10/recent/ticker-posts

Sürgünde Bile Yeşeren Umut: Dino’ların Satır Arası Yolculuğu

Güzin Dino Abidin Dino Mektupları hakan çolak hakancolakcom


Bazı kitaplar vardır, kapaklarını kapattığınızda içinizde bir sızı, aynı anda da bir sıcaklık bırakır. Abidin Dino – Güzin Dino Mektupları benim için tam da böyle bir okuma deneyimi oldu. İki insanın birbirine duyduğu derin sevginin, mesafenin ve zor zamanların bile aşamayacağı bir bağın tanıklığını yapmak, bana hem bir edebiyat yolculuğu yaşattı hem de insan kalbinin gücünü yeniden hatırlattı.

Kitap boyunca Abidin Dino’nun sanatçı duyarlılığıyla yoğrulmuş satırlarını, Güzin Dino’nun ise ince, içten ve bir o kadar güçlü yanıtlarını okurken aslında sadece iki insanın özel yazışmalarını görmüyoruz.

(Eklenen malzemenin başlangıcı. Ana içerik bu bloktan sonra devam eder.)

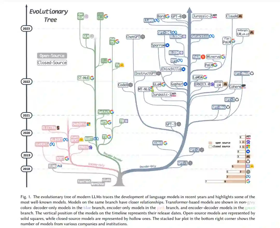 b) OpenAI始终保持着在LLM领域的领导地位,无论是现在还是可能的未来。其他公司和机构在开发与GPT-3和当前的GPT-4相媲美的模型方面,都在努力迎头赶上OpenAI。这个领导地位可以归因于OpenAI对其技术路径的坚定承诺,即使最初并未得到广泛认可。c) Meta在开源LLM方面做出了巨大贡献,并推动了LLM的研究。在考虑到对开源社区的贡献时,尤其是与LLM相关的贡献,Meta是最慷慨的商业公司之一,因为Meta开发的所有LLM都是开源的。d) LLM呈现出封闭来源的趋势。在LLM发展的早期阶段(2020年之前),大多数模型都是开源的。然而,随着GPT-3的推出,越来越多的公司选择封闭源代码模型,如PaLM、LaMDA和GPT-4。因此,学术研究人员在LLM训练方面的实验变得更加困难。因此,基于API的研究可能成为学术界的主导方法。e) 编码器-解码器模型仍具有潜力,因为这种类型的架构仍在积极探索中,而且大多数都是开源的。谷歌为开源编码器-解码器架构做出了实质性贡献。然而,仅解码器模型的灵活性和通用性似乎使得谷歌对这个方向的坚持变得前景不太明朗。
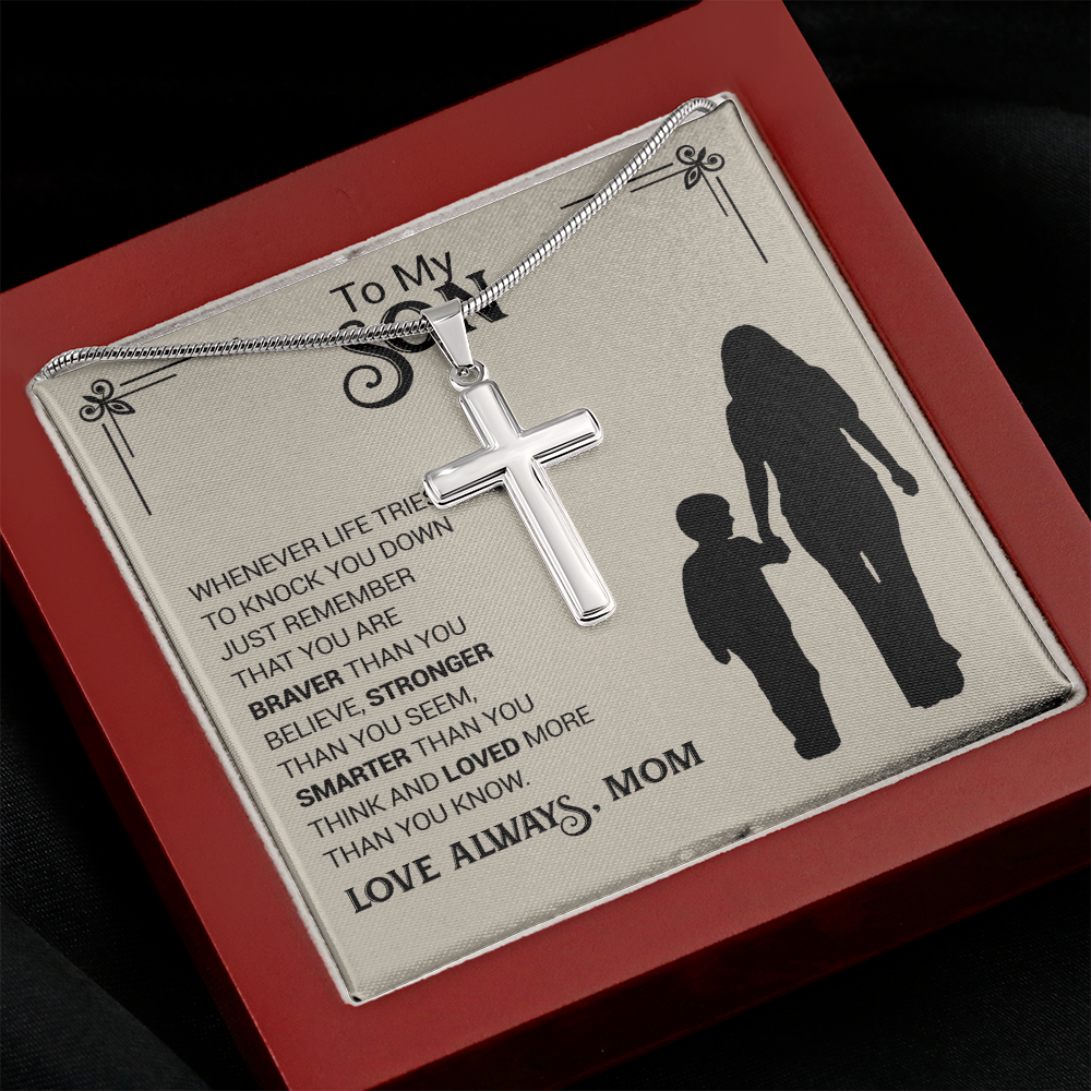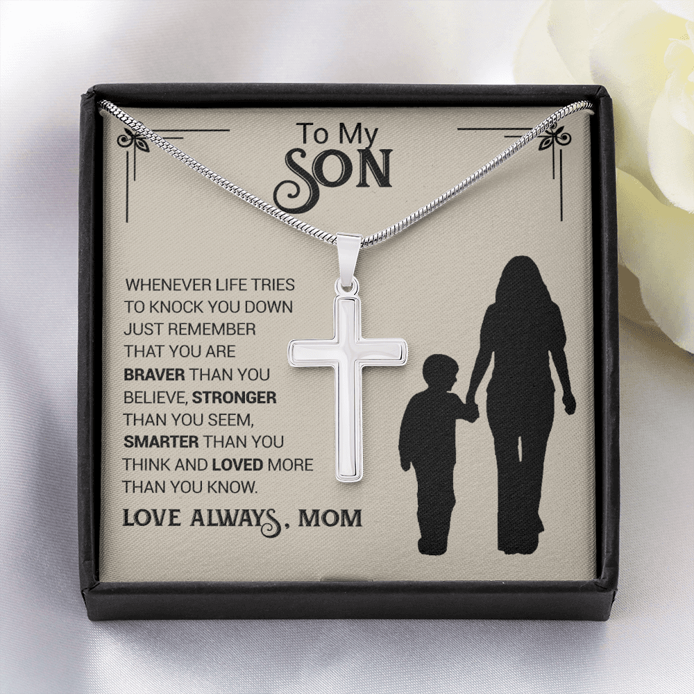 To My Son - You are Braver Thank You Seem - Cross Necklace
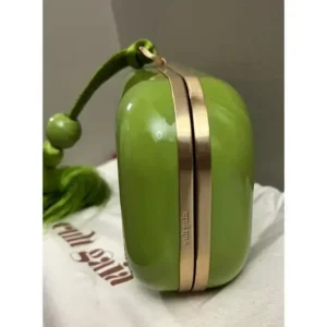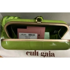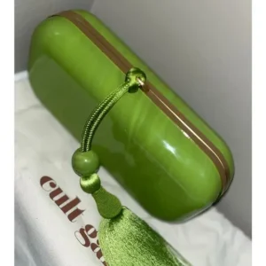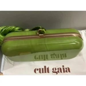 Make a grand entrance with the Cult Gaia Small Yasmin Clutch. Known for their architectural design, Cult Gaia has designed the Yasmin as an elegant pill-shaped accessory that fits perfectly in the palm of your hand. This version is rendered in a vibrant high-gloss Chartreuse (Lime Green) finish that captures the light and commands attention. The bag’s standout feature is the oversized, tonal silk tassel that hangs gracefully from the wristlet strap adding a sense of movement and drama to your evening look. Whether you’re attending a spring wedding, a gala, or a high-end dinner this clutch provides a sharp contemporary edge to traditional formalwear.
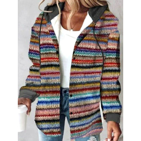 Dame Pullover hettegenser-genser Trykt mønster Grafisk Geometrisk Stripet Fritid Bohem Langermet Med hette Vanlige topper Avslappet Gate Hverdag Rødbrun Brun Grå Høst Vinter
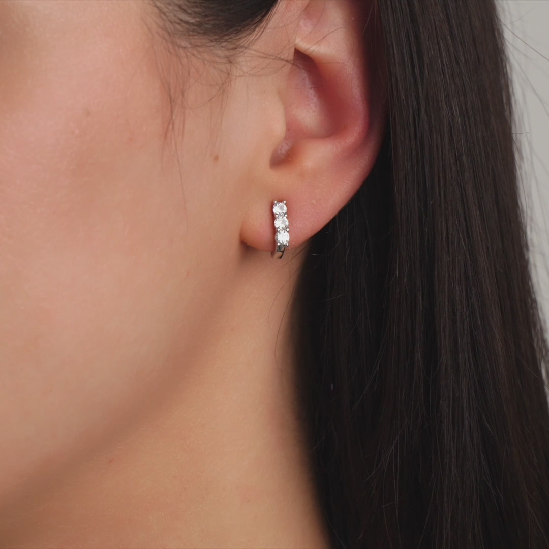 Petites créoles FREJA en argent 925 millièmes rhodié serties de pierres d'oxyde de zirconium. Fabriquées traditionnellement par notre équipe de maîtres artisans joailliers, exclusivement à partir de métaux précieux d’origine éthique et de pierres de haute qualité. Conçues par Noora pour s'ajuster parfaitement et confortablement sur les piercings du lobe de l'oreille. Vendues par paires.
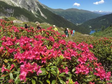Idag har vi en spektakulär vandringsdag framför oss. På förmiddagen går vi upp till den högalpina gränskammen på Sandesjöchlpass som ligger mellan Italien och Österrike på en höjd av 2599 m. Härifrån har vi en fantastisk utsikt över Ötz, Stubai och Zillerdalens snötäckta glaciärberg samt de italienska Dolomiterna. Efter en brant nedstigning följer vi den Tyrolska Höjdstigen (Tiroler Höhenweg/Alta Via) som ger oss en imponerande vy över österrikiska Tribulaun hyttan. Här finns stor chans att träffa på en stenbock eller ett murmeldjur så håll ögonen öppna. De som önskar kan att hänga med på ytterligare en tur på 2 timmar till toppen Garklerin (2470 m).
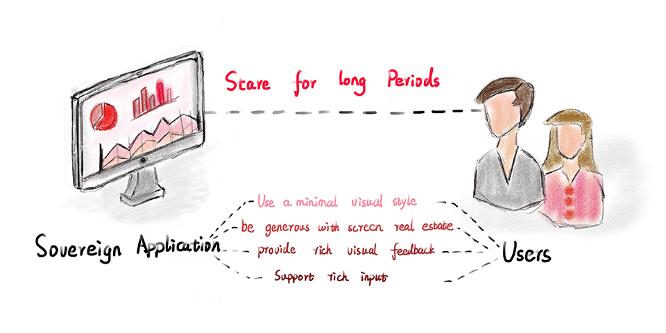 “Applications that monopolize users’ attention for long, continuous periods of time are called sovereign-posture applications. Sovereign application offer a large set of related functions and features, and users tend to keep them up and running continuously, occupying the full screen.“
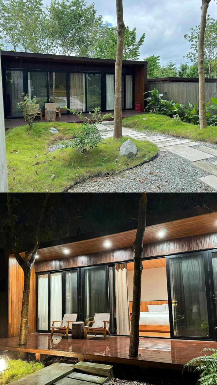 整個園區(qū)內(nèi)草木繁茂,山景房搭配小庭院,私密性和舒適性兼具。進出都有接駁車接送,蟬鳴鳥語相伴,疲憊、“班味”一掃而空。
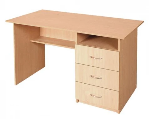 Виготовлено із ДСП ламінованої 18 мм; дно шухляд - ДВП ламінована біла 3 мм. Фасади шухляд, стільниця - ПВХ 1мм. Стійки, екран, полиця - ПВХ 0,5 мм.
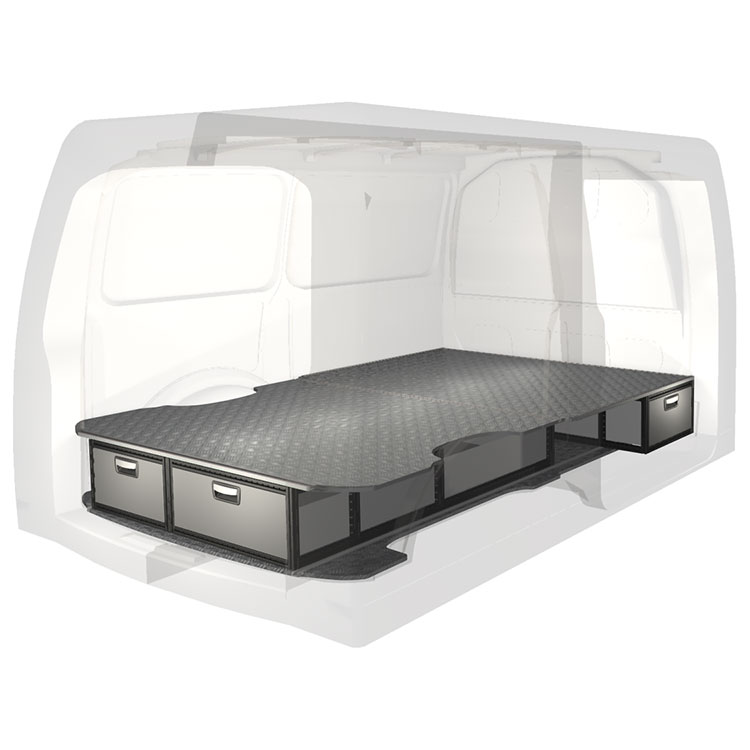 The kit is designed to be fitted on top of a Modul-Floor, utilizing the floor rails for a non-intrusive installation. The double floor is equipped with rails for easy installation of vehicle racking, and edging strips for a nice finish.
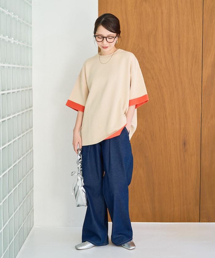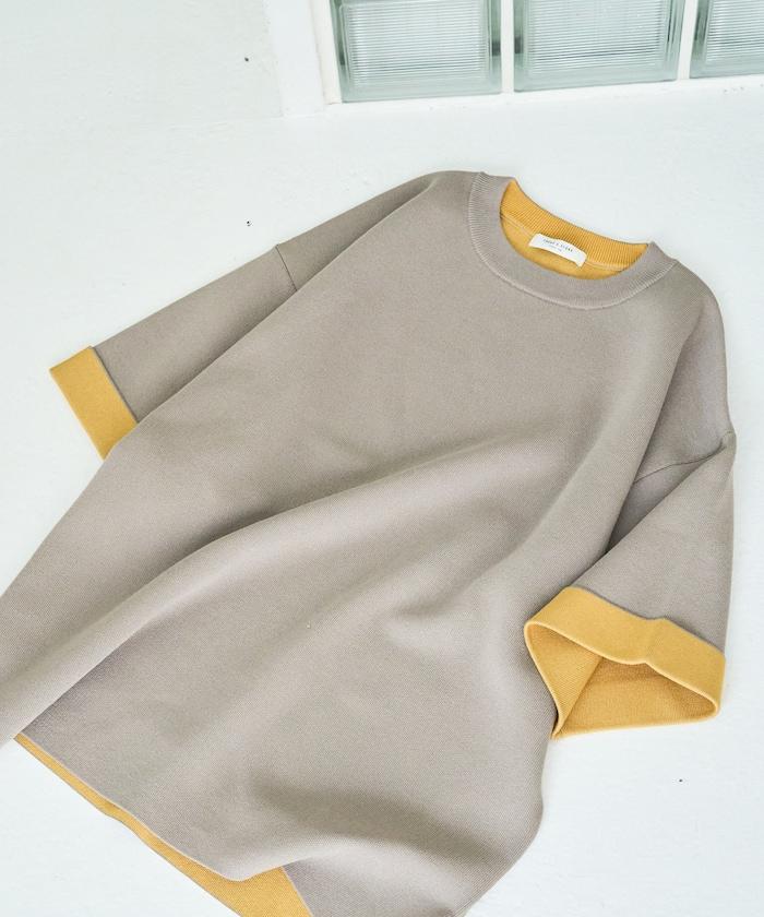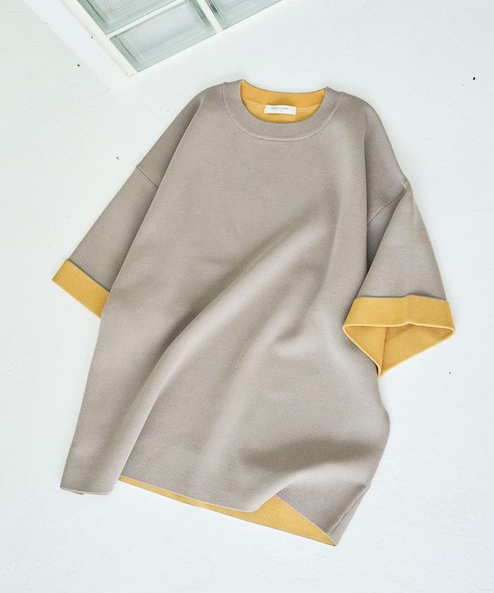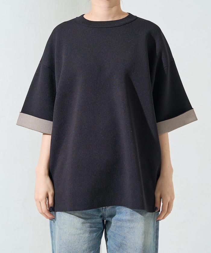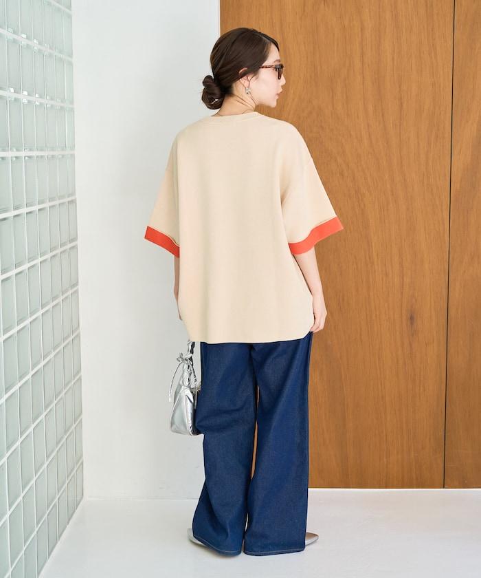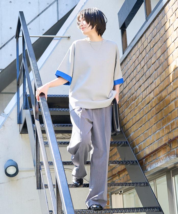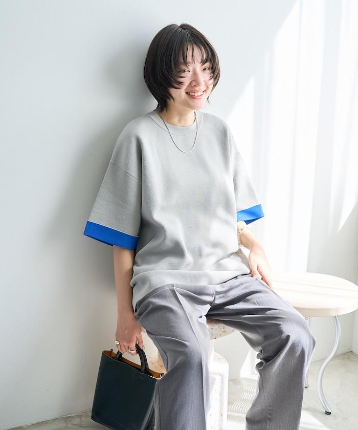 接觸冷感 針織 襯色 半袖 拉鍊衫【限定推出】

Bu mektuplar, aynı zamanda bir dönemin tanıklığı. Siyasi baskılar, sürgünler, özlemler… Yine de tüm bunların arasında dimdik duran bir aşk. Benim en çok etkilendiğim kısım da burası oldu: Her türlü zor şartın arasında bile birbirlerine yazdıkları cümlelerde umut, sevgi ve dayanışma hissi hep baskın.

Abidin’in kelimelerindeki şiirsellik, Güzin’in satırlarında hissedilen dinginlik ve sabır kitabı sadece bir “mektuplar toplamı” olmaktan çıkarıyor. Sanki sanatın ve edebiyatın kalbinde filizlenen bir sevginin resmini çiziyorlar. Aralarındaki mesafe kimi zaman kilometrelerle ölçülüyor, kimi zaman yıllarla, ama satırların arasındaki o sıcaklık bu mesafeyi eritiyor. Okurken, “birbirini sevmek” deyiminin ne kadar güçlü bir şey olduğunu yeniden düşündüm.

Tabii kitap sadece romantik bir atmosfer sunmuyor. Özellikle dönemin siyasi iklimine dair satır aralarında gördüğümüz rahatsızlıklar, onların yaşamını nasıl şekillendirdiğini de gösteriyor. Yalnızca bir aşk hikâyesi değil; aynı zamanda sürgünlük, yasaklar, sansür ve özgürlük arayışıyla yoğrulmuş bir hayat hikâyesi var burada. Bu yönüyle de mektuplar, bize bireysel bir aşkı anlatırken aynı anda toplumsal bir hafızayı da aktarıyor.

Kitabı okurken sık sık şu hisse kapıldım: Biz çoğu zaman gündelik telaşlarımızın arasında sevgiye, dostluğa ya da samimi bir cümle kurmaya yeterince zaman ayırmıyoruz. Oysa Abidin ve Güzin, tüm zorluklara rağmen kelimeler aracılığıyla birbirlerine dokunmayı, umut vermeyi, teselli olmayı hiç ihmal etmemiş. Belki de asıl büyük ders bu.

Kitap bittiğinde aklımda şu kaldı: Sevgi yalnızca yan yana olunca değil, uzakta da olsa, hatta araya yıllar girse bile yaşatılabilecek bir şey. Yeter ki samimiyet, emek ve inançla beslenmiş olsun. Ayrıca mektupların dili, bugünün hızlı ve yüzeysel iletişimine kıyasla öylesine içten geliyor ki… “Keşke biz de sevdiklerimize daha çok mektup yazsak” diye düşündürüyor.

Sonuç olarak, Abidin Dino – Güzin Dino Mektupları sadece sanat ve edebiyat meraklılarının değil, aşkın gücüne inanmak isteyen herkesin okuması gereken bir eser. Bana hem insanın kırılganlığını hem de dayanıklılığını hatırlattı. İçinde aşk var, sanat var, özlem var, biraz hüzün var ama en çok da umut var.